Jennifer Aniston isn’t afraid of getting political. The actress recently reacted to the Republican nominee for vice president in the 2024 United States presidential election, JD Vance, who previously labeled women without children as “miserable cat ladies.”
A viral clip from a July 2021 Fox News interview, where Vance made these remarks, has garnered major backlash online. In the interview, Vance said, “We’re effectively run in this country via the Democrats, via our corporate oligarchs, by a bunch of childless cat ladies who are miserable at their own lives and the choices that they’ve made. And so they want to make the rest of the country miserable too. It’s just a basic fact. You look at Kamala Harris, Pete Buttigieg, AOC—the entire future of the Democrats is controlled by people without children. How does it make any sense that we’ve turned our country over to people who don’t really have a direct stake in it?”

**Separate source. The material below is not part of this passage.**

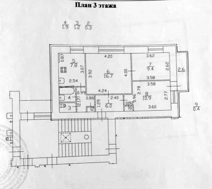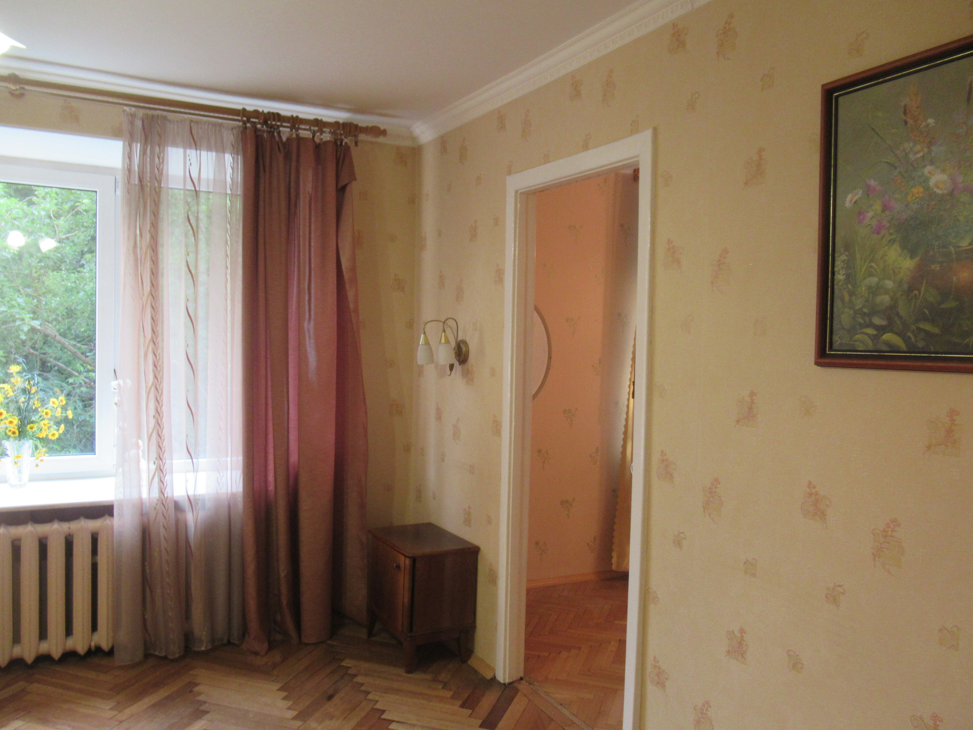 Продается трехкомнатная квартира в кирпичном  доме ЖСК. Квартира светлая, теплая, уютная. Расположена на третьем этаже девятиэтажного дома, подъезд чистый, две квартиры на этаже. В квартире установлены стеклопакеты, широкие подоконники, красивый вид из окон в тихий зеленый двор. Гостиная 16,7 м2, смежная с комнатой 9,4 м2, комната 10,9 м2 — изолированная с застекленным балконом 2,6 м2. Полы в комнатах паркетные. Кухня площадью 7,8 м2 хорошей формы, плита газовая, чистая, вытяжка, пол  - линолеум. Трубы в квартере заменены, установлен счетчик на воду. Газовая колонка исправно работает.

On July 24th, Aniston took to her Instagram Stories to voice her opinion on Vance’s controversial comments. She wrote, “I truly can’t believe this is coming from a potential VP of the United States. All I can say is, Mr. Vance, I pray that your daughter is fortunate enough to bear children of her own one day. I hope she will not need to turn to IVF as a second option because you were trying to take that away from her too.”

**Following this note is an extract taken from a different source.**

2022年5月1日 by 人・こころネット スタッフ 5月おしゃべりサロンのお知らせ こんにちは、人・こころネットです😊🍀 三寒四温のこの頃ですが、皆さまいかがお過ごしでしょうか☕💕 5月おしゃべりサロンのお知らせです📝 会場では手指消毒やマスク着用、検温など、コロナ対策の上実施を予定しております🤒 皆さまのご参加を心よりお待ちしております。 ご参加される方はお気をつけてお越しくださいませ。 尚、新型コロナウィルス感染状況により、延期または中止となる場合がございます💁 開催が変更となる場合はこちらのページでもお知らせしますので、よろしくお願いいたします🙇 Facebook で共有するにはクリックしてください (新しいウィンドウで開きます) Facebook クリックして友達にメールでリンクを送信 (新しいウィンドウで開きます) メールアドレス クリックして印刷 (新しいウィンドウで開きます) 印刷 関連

This issue touches close to home for Aniston, who has been candid about her own difficulties in having children. In a 2022 interview with Allure, she revealed her struggles with fertility, explaining, “It was a challenging road for me, the baby-making road. I was trying to get pregnant. I was going through IVF, drinking Chinese teas, you name it. I was throwing everything at it. I would have given anything if someone had said to me, ‘Freeze your eggs. Do yourself a favor.’ You just don’t think it. So here I am today. The ship has sailed.”

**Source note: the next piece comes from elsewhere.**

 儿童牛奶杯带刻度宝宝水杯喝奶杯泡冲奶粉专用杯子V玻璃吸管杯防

Despite her past struggles, Aniston shares that she is now at peace with that chapter of her life being over. She said, “I have zero regrets. I actually feel a little relief now because there’s no more, ‘Can I? Maybe. Maybe. Maybe.’ I don’t have to think about that anymore.”
Aniston’s response adds to the ongoing conversation about women’s reproductive rights and the pressures society places on women regarding motherhood.